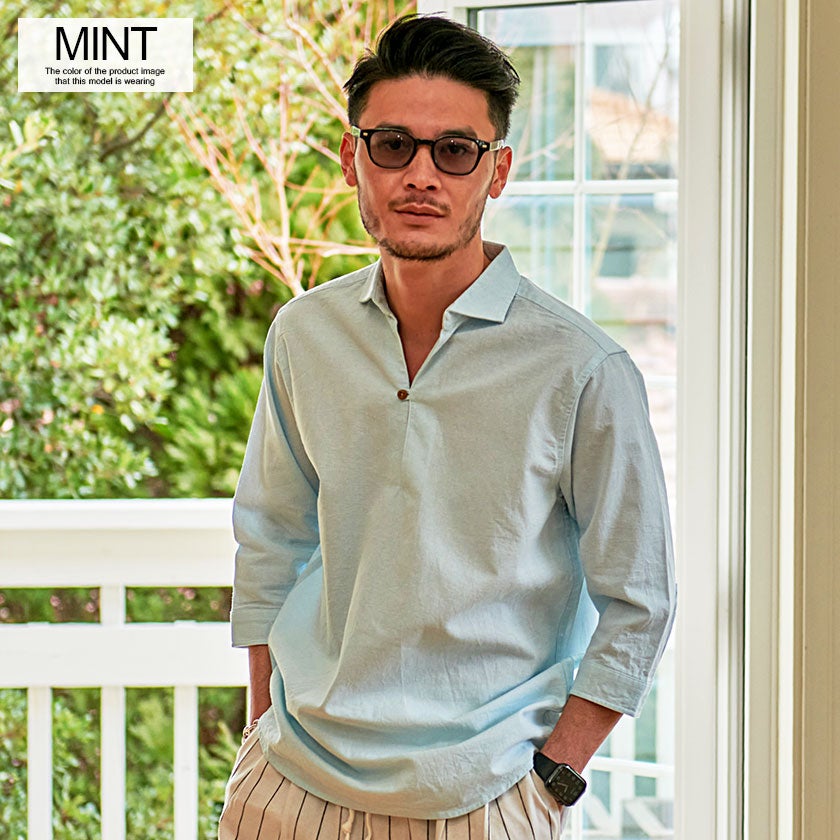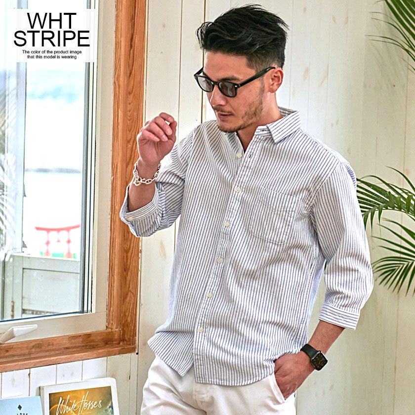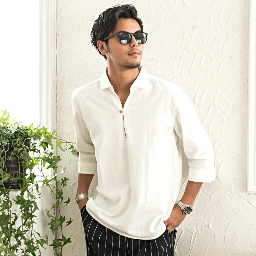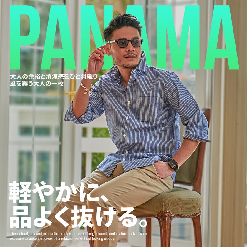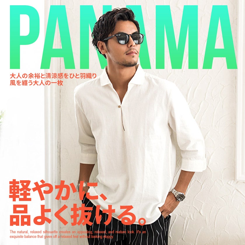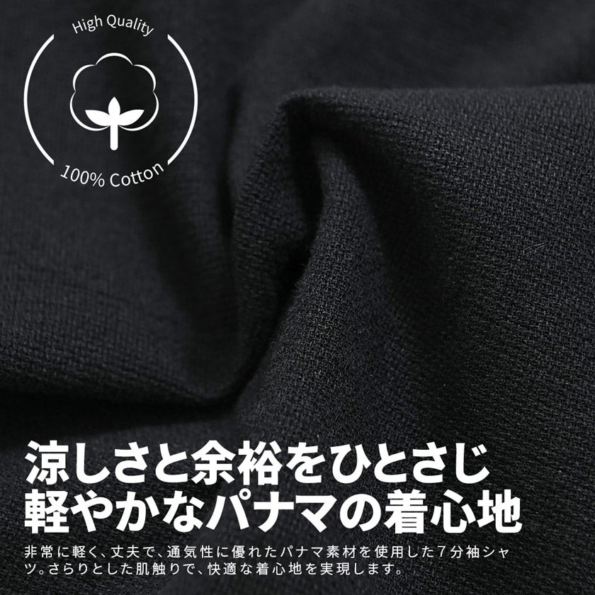 CavariA【キャバリア】パナマ織りレギュラーカラー7分袖シャツ/全10色
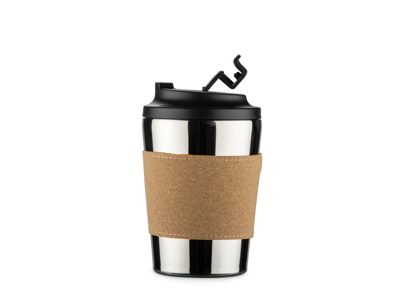 Der 350-ml-Thermobecher von CAFFEZ kombiniert eine glänzende Stahloberfläche mit einem natürlichen Korkband zu einem eleganten und modernen Kaffeehelfer. Der Innenraum aus Edelstahl mit Skaleneinteilung erleichtert das Abmessen Ihres Getränks, und das doppelwandige Design hält die Temperatur bis zu 3 Stunden lang. Der Flip-Top-Deckel mit einer Klappe, die sich von oben öffnen lässt, ist praktisch für unterwegs oder im Büro. Der rutschfeste Boden erhöht die Stabilität auf glatten Oberflächen. Für Marken, die Wert auf Ästhetik, Qualität und Funktionalität in einem legen.
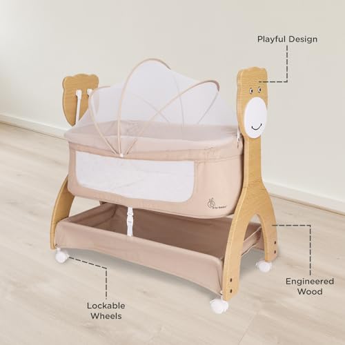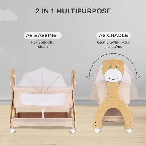 R for Rabbit Lullabies Woodsy 2 in 1 Manual Swing Wooden Cradle Newborn Baby Convertible Cot Bassinet with Mosquito Net, Lockable Wheels & Storage Space for Kids 0-12 Months, Upto 12 Kg (Beige)
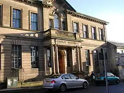 The Lindsay Institute is named after its Lanark-born benefactor Charles Lindsay of Ridge Park, Lanark. He gifted the money to the town but it took 30 years before his vision of a library, reading room and museum was realised. He was a man who was keen to provide support for projects which would benefit the people of his home town. The Lindsay Institute was opened on 25 June 1914 by Sheriff Scott Moncrieff. The architects were John Traill and John Stewart of Traill and Stewart.[1] The library is situated on the corner of Hope Street and North Vennel. The building is a classical design and is built of Ashlar stone which came from Denwick Quarry in Northumberland.[2] The toilet in the library retains all its original features except the toilet seat which has been replaced.[3] The building now houses Lanark Library, which is run by South Lanarkshire Leisure and Culture.[4]
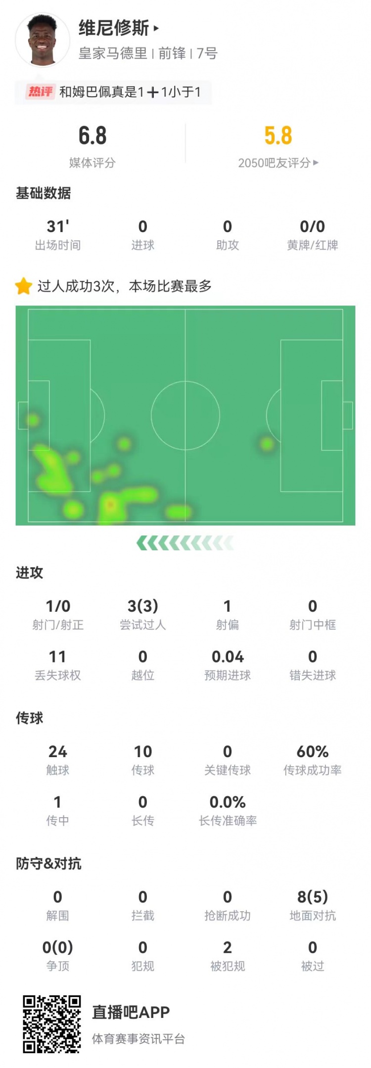直播吧4月5日讯 皇马在本轮西甲1-2客负马略卡,维尼修斯本场数据如下:
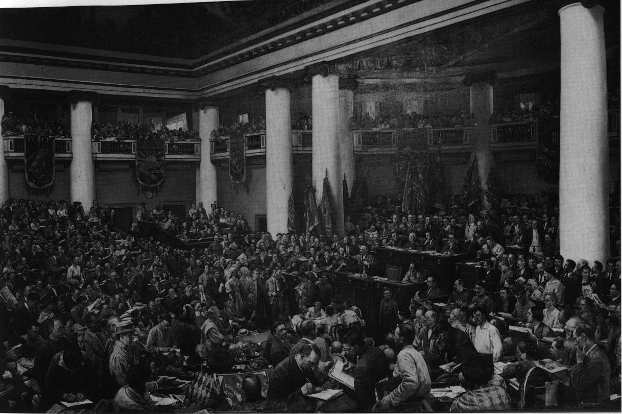Thereafter an immense painting “The Ceremonial Opening of the Second Congress of the Third International” [350×550 cm] was shown in 1924. Of the 218 delegates from 67 parties, Brodski made 125 portraits, combining these into the picutre. Each individual delegate – including Trotsky, Zinoviev, Kamenev and Bukharin – are recognisable.
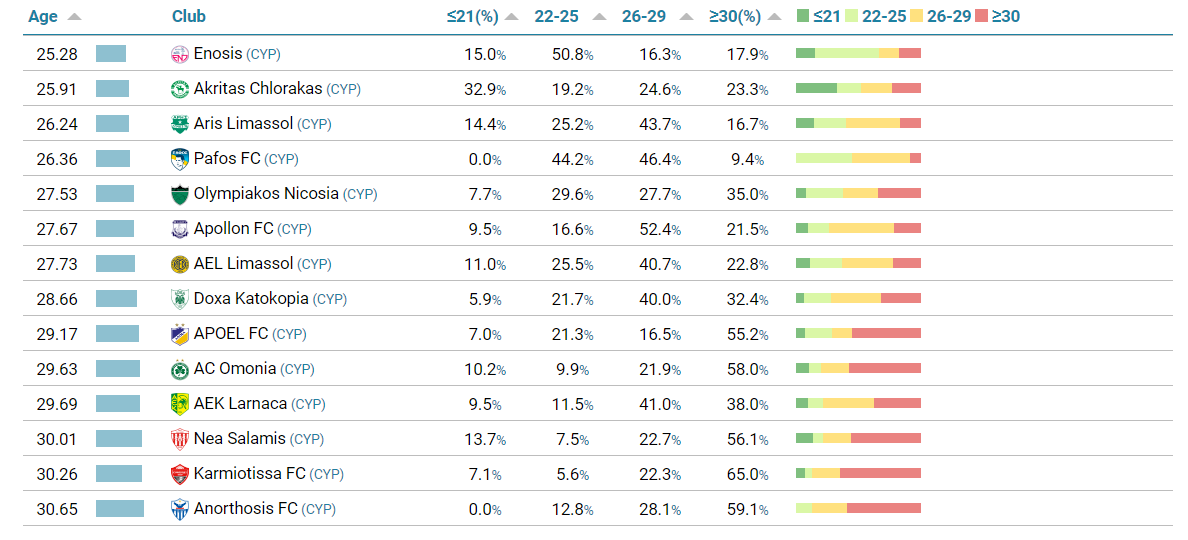 Η Ένωση είναι η ομάδα που παρουσιάζει το μικρότερο μέρο όρο ηλικίας (25,28 χρόνια) στο πρωτάθλημα Cyta, ενώ η Ανόρθωση έχει το μεγαλύτερο ποσοστό (30,65) ως η πιο γερασμένη ομάδα στην Κύπρο. Από τις έξι μεγάλες ομάδες του νησιού, ο Απόλλωνας είναι η νεότερη ομάδα με ποσοστό 27,67.
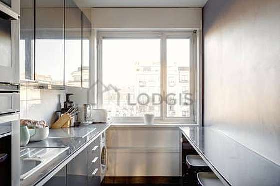 Este apartamento posee una magnífica cocina con azulejo en el sueloy todo el equipamiento necesario para su vida diaria : placas eléctricas, refrigerador, congelador, horno, horno micro-ondas, tostador, hervidor, cafetera, estantería, vajilla, taburete, mixer, bin, set of tables.
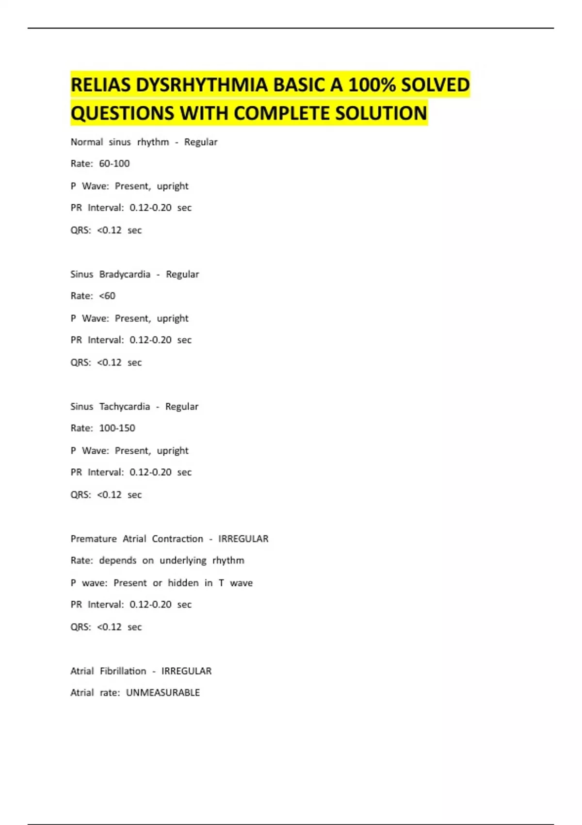 RELIAS DYSRHYTHMIA BASIC A 100% SOLVED QUESTIONS WITH COMPLETE SOLUTION Normal sssinus ssrhythm ss- ssRegular Rate: ss60-100 P ssWave: ssPresent, ssupright PR ssInterval: ss0.12 -0.20 sssec QRS: ss<0.12 sssec Sinus ssBradycardia ss- ssRegular Rate: ss<60 ss P ssWave: ssPresent, ssupright PR ssInterval: ss0.12 -0.20 sssec QRS: ss<0.12 sssec Sinus ssTachycardia ss- ssRegular Rate: ss100-150 P ssWave: ssPresent, ssupright PR ssInterval: ss0.12 -0.20 sssec QRS: ss<0.12 sssec Premature ssAtrial ssContraction ss- ssIRREGULAR Rate: ssdepends sson ssunderlying ssrhythm ss P sswave: ssPresent ssor sshidden ssin ssT sswave PR ssInterval: ss0.12 -0.20 sssec QRS: ss<0.12 sssec Atrial ssFibrillation ss- ssIRREGULAR Atrial ssrate: ssUNMEASURABLE Ventricular ssrate: ssvariable P sswave: ssunable ssto sssee PR ssInterval: ssN/A QRS: ss<0.12 sssec A ssfib ssRVR ss- ssIRREGULAR Ventricular ssrate: ss100-175 ss P sswave: ssunable ssto sssee PR ssInterval: ssN/A QRS ss<0.12 sssec Atrial ssFlutter ss- ssUsually ssREGULAR sscan ssbe ssirregular ss Atrial ssrate: ss250-350 Ventricular ssrate: ssvariable ssBUT ss< ssatrial ssrate P ssWave: ssFlutter PR ssInterval: ssN/A QRS: ss<0.12 sssec Supraventricular ssTachycardia ss- ssRegular Rate: ss150-350 P sswave: ssHidden ssin ssQRS ssor ssT sswave PR: ssunable ssto ssdetermine QRS: ss<0.12 sssec Junctional ssRhythm ss- ssRegular Rate: ss40-60 P ssWave: ssABSENT ssor ssINVERTED ss PR ssInterval: ssNone ssor ss<0.12 QRS: ss<0.12 sssec
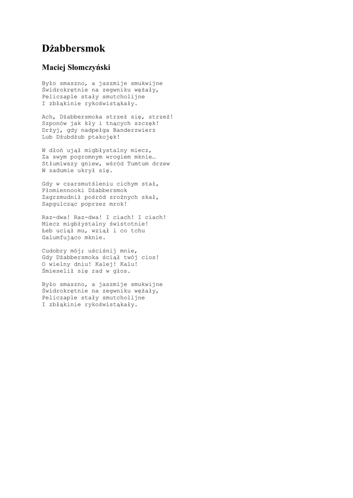 Dżabbersmok Maciej Słomczyński Było smaszno, a jaszmije smukwijne Świdrokrętnie na zegwniku węŜały, Peliczaple stały smutcholijne I zbłąkinie rykoświstąkały. Ach, DŜabbersmoka strzeŜ się, strzeŜ! Szponów jak kły i tnących szczęk! DrŜyj, gdy nadpełga Banderzwierz Lub DŜubdŜub ptakojęk! W dłoń ujął migbłystalny miecz, Za swym pogromnym wrogiem mknie… Stłumiwszy gniew, wśród Tumtum drzew W zadumie ukrył się. Gdy w czarsmutśleniu cichym stał, Płomiennooki DŜabbersmok Zagrzmudnił pośród sroŜnych skał, Sapgulcząc poprzez mrok! Raz-dwa! Raz-dwa! I ciach! I ciach! Miecz migbłystalny świstotnie! Łeb uciął mu, wziął i co tchu Galumfująco mknie. Cudobry mój; uściśnij mnie, Gdy DŜabbersmoka ściął twój cios! O wielny dniu! Kalej! Kalu! Śmieselił się rad w głos. Było smaszno, a jaszmije smukwijne Świdrokrętnie na zegwniku węŜały, Peliczaple stały smutcholijne I zbłąkinie rykoświstąkały. Dziaberliada Stanisław Barańczak Brzdęśniało juŜ; ślimonne prztowie Wyrło i warło się w gulbieŜy; Zmimszałe ćwiły borogowie I rcie grdypały z mrzerzy. O strzeŜ się, synu, Dziaberłaka! Łap pazurzastych, zębnej paszczy! Omiń Dziupdziupa, złego ptaka, Z którym się Brutwiel piastrzy! A on jął w garść worpalny miecz: Nim wroga wdepcze w grzębrną krumać, Chce tu, gdzie szum, wśród drzew Tumtum stać parę chwil i dumać. Lecz gdy tak tonie w dumań gląpie, Dziaberłak płomienistooki Z dala przez gąszcze tulŜyc tąpie, Brdli, bierze się pod boki! Ba-bach! Ba-bach! I rach, i ciach Worpalny brzeszczot cielsko ciachnął! A on wziął łeb i poprzez step W powrotny szlak się szlachnął. TyŜeś więc ubił Dziaberłaka? Pójdź, chłopcze, chlubo jazd i piechot, Objąć się daj! Ho-hej! Ha-haj!, RŜał rupertyczny rechot. Brzdęśniało juŜ; ślimonne prztowie Wyrło i warło się w gulbieŜy; Zmimszałe ćwiły borogovie I rcie grdypały z mrzerzy. Dżabrokłap Bogumiła Kaniewska W dzionek błyskliwy ślniły grzaski, Co się wśród grętów wygregrały, Praary fumnie darły kraski, A śliskie szmyki się drąskały. Synu, ty strzeŜ się DŜabrokłapa! Co paszczą grzązi, pazur strzyga, I ptaka śuŜu omiń, z dala Krzepnego witaj Jadośmiga! On w dłoń waleczną sieczek chycił Długo wśród grogów czechędował, W nieniu tumgrzewa, co go sycił. Odpoczął, grafną myśl przychował. Gdy stał w tumgrzewnym myśli nieniu, DŜabrokłap źryście łysnął w mroku, Flapiąc i grzędząc Ŝłapał k niemu, A grząźba mu łuniała w oku! Raz, dwaz! Dwaz, raz! I w tek, i w osiek Sieczkowe istrze oskry krzeszy, Srogiego zwierza na zmór posiekł I z łbemy uciętym do dom cieszy. śeś zgłebał, chłopcze, DŜabrokłapa, Ach! jakŜe dzień chwaliwy!. Wdzięczliwy chachot się rozlata, Triumfatora głos śmiechliwy. W dzionek błyskliwy ślniły grzaski, Co się wśród grętów wygregrały, Praary fumnie darły kraski, A śliskie szmyki się drąskały. Żabrołak Janusz Korwin-Mikke Błyszniało – szlisgich hopuch świr Tęczując w kałdach świtrzem wre, Mizgłupny był borolągw hyr, Chrząszczury wlizły młe. śabrołak kąsa chwytem szczęk – mój synu – szponów cięć się strzeŜ! Dziabdziaba bój się! Budzi lęk Bandaper, skroźny zwierz! śarłacny miecz wziął w dłoń i wciąŜ Człowroga tropem dąŜył wraz AŜ skrywszy się, gdzie Tumtumu pnie, Zadumał jakiś czas. Wtem jak w uffnieniu myśli wstał: śabrołak z płogniem w oku wŜdy Przez tłuszczy gwiszcząc drze się zwał, Burklotem idąc grzmi! Raz-dwa! Raz-dwa! Na wskroś! Na wskroś! śarłacny miecz tnie ściachu-ciach! Gdy ścierwem legł, wziął jego łeb W dom galopyszniąc gna! Tyś Ŝabrołaka zrąbł! Pójdź zaś W ramiona me promieńcze cny! O chwielbny dniu! Hej-ho! Hej-lu! Chichrypiał rad przez łzy. Błyszniało – szlisgich hopuch świr Tęczując w kałdach świtrzem wre, Mizgłupny był borolągw hyr, Chrząszczury wlizły młe. Dziaberlak Jolanta Kozak BzdręŜyło. Szłapy maślizgajne Bujowierciły w gargazonach Tubylerczykom spełły fajle, Humpel wyświchnął ponad. Dziaberlak tuŜ, więc trwóŜ się, trwóŜ! I szykuj, synu, długi nóŜ! Z nim ptak Dzióbdziób i słychać tup Pazurnych Kociłapów stóp! On ujał w dłoń zadzierŜny miecz. Chłystnego wroga ścigał precz, AŜ utrudzony zdysznie siadł Pod wielkim drzewem Dziaodziad. A gdy w przcupie zmyślnym trwał, Od chąszczwy lasu pędzi w cwał, Garumfifując, smocząc skry, Dziaberlak arcydzicznie zły! I raz! I dwa! I cup! I łup! ZadzierŜny miecz – bezłebski trup! Lecz furda trup, gdy trupem łeb! Więc łaps za łeb! I galump w step! Dziaberlak zgłowion? Strupion? Padł? Pójdź w me ramiona, boś ty chwat! O, świętny dzień! Hurra! Hip hip! Tralala bum cyk cyk! BzdręŜyło. Szłapy maślizgajne Bujowierciły w gargazonach Tubylerczykom spełły fajle, Humpel wyświchnął ponad. Żabrołaki Robert Stiller Był czas mrusztławy, ślibkie skrątwy Na wałzach wiercząc świrypły, A mizgłe do cna boroglątwy I zdomne świszczury zgrzypły. Mój synu, śabrołaka się strzeŜ Co szponem drze, w paszcz chapa! I dziubdziuba się bój! Zgroźliwego teŜ Unikaj Bandrochłapa! Swój miecz Ŝarłacki jąwszy w dłoń, Na wraŜych śmiardłków Ŝarty Szedł w noc, trwał w dzień o pampamu pień W ychliwych myślach wsparty. A w myślach onych trwiąc, czuj duch! śabrołak z płogniem w oku Świszłap! I brnie przez tołszczy pnie I grzbyka nań w pokroku. Raz, dwa! Raz, dwa! Rąb klingo zła, śarłacka, opak zbrodom! Na śmierć go w ziem! I zrąbł, i z łbem Pogalopysznił do dom. Tyś Ŝabrołaka zrąbł? Pójdź, pójdź, Promieńcze, w me objęcia! O, świękny dniu! Wycz hej! Wycz hu! Krztuchotał do dziecięcia. Był czas mrusztławy, ślibkie skrątwy Na wałzach wiercząc świrypły, A mizgłe do cna boroglątwy I zdomne świszczury zgrzypły. Żubrowołk Juliusz Wiktor Gomulicki Podpiekało. Śliskawe towony Kołob

----------------

Task. From the opening line of the listing above through the line bearing "R for Rabbit", repeat each line exactly. Drop every picture.

Result of this exercise.
 CavariA【キャバリア】パナマ織りレギュラーカラー7分袖シャツ/全10色
 Der 350-ml-Thermobecher von CAFFEZ kombiniert eine glänzende Stahloberfläche mit einem natürlichen Korkband zu einem eleganten und modernen Kaffeehelfer. Der Innenraum aus Edelstahl mit Skaleneinteilung erleichtert das Abmessen Ihres Getränks, und das doppelwandige Design hält die Temperatur bis zu 3 Stunden lang. Der Flip-Top-Deckel mit einer Klappe, die sich von oben öffnen lässt, ist praktisch für unterwegs oder im Büro. Der rutschfeste Boden erhöht die Stabilität auf glatten Oberflächen. Für Marken, die Wert auf Ästhetik, Qualität und Funktionalität in einem legen.
 R for Rabbit Lullabies Woodsy 2 in 1 Manual Swing Wooden Cradle Newborn Baby Convertible Cot Bassinet with Mosquito Net, Lockable Wheels & Storage Space for Kids 0-12 Months, Upto 12 Kg (Beige)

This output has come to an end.